Dear Editor,
John Redekop’s Sept 17 column ends with a reasonable request: ‘Please don’t put all true believers in the same category’. He makes a distinction between those true believers who are inspired to perform service to humanity, and those who are inspired to destroy innocent lives, such as terrorists. Mr Redekop provides some good examples of true believers who are not violent extremists, and these include revered figures such as Mother Teresa and Martin Luther King. He also mentions the good deeds of Sikhs serving free meals at their Gurdwara and the MCC Festival for World Relief.
However, the distinction between good and bad ‘true believers’ applies to all the major religions ‘ including Christianity and Islam. Leaders who called themselves ‘Christian’ generated the Crusades, the Inquisition, the Witch Trials, wars against other categories of Christians, the Ku Klux Klan, as well as persecutions of Jews, scientists, African slaves and Native peoples on many continents. Christians have also been warm-hearted and high-minded providers of schools and universities, hospitals and orphanages, international aid programs, just legal systems, peace initiatives, interfaith cooperation, as well as exalted forms of literature and art.

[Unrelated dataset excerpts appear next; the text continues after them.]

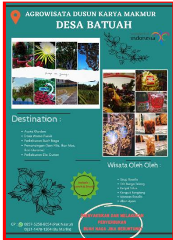
Gambar 6. Brosur Dusun Karya Makmur

Potensinya adalah perkebunan buah lai dan buah naga, kolam pemancingan ikan mas, nila dan gurame, Dasa wisma Pucuk dan Asoka Garden. Sedangkan hasil olahan dari kelompok dasa wisma Pucuk yang bisa menjadi buah tangan antara lain sirup Rosella, teh bunga telang, keripik talas, kerupuk kangkung, manisan rosella dan abon ayam
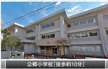
公郷小学校[徒歩約10分]
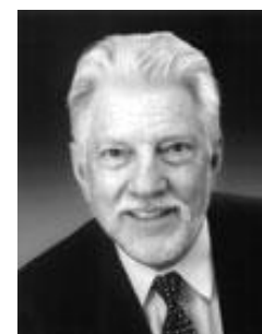
Professor Everett M. Rogers *

Professor Everett M. Rogers ist am 31. Oktober 2004 im Alter von 73 Jahren verstorben.

Unfortunately, Mr Redekop’s letter did not list any positive contributions of Islam or Muslims, and leaves the impression that the phrase ‘God is Great’ is to be associated only with current day atrocities. Islam and Muslims are also to be associated with humanity’s leading civilization during the years 750 to 1500 of the Common Era. They generated lofty legal and social service systems, universities, refinements of Greek and Roman classics, advanced sciences and mathematics, well-developed medical and agricultural practices, civil engineering and architecture, sublime mystical and theological treatises, as well as lofty literature and art.
Please don’t put all true believers in the same category. Our Baha’i education teaches us that we must distinguish between what God has taught humanity, and how humanity has responded to that guidance. A teaching to love others can inspire acts of service and compassion in most people, but in a few it is misinterpreted and perverted to inspire acts of sexual abuse. When any religion’s teachings are hijacked to inspire acts of abuse or injustice, they do not represent the actual teachings of that faith, but the perversion of a few who claim to be its followers but are actually following their own vain imaginations.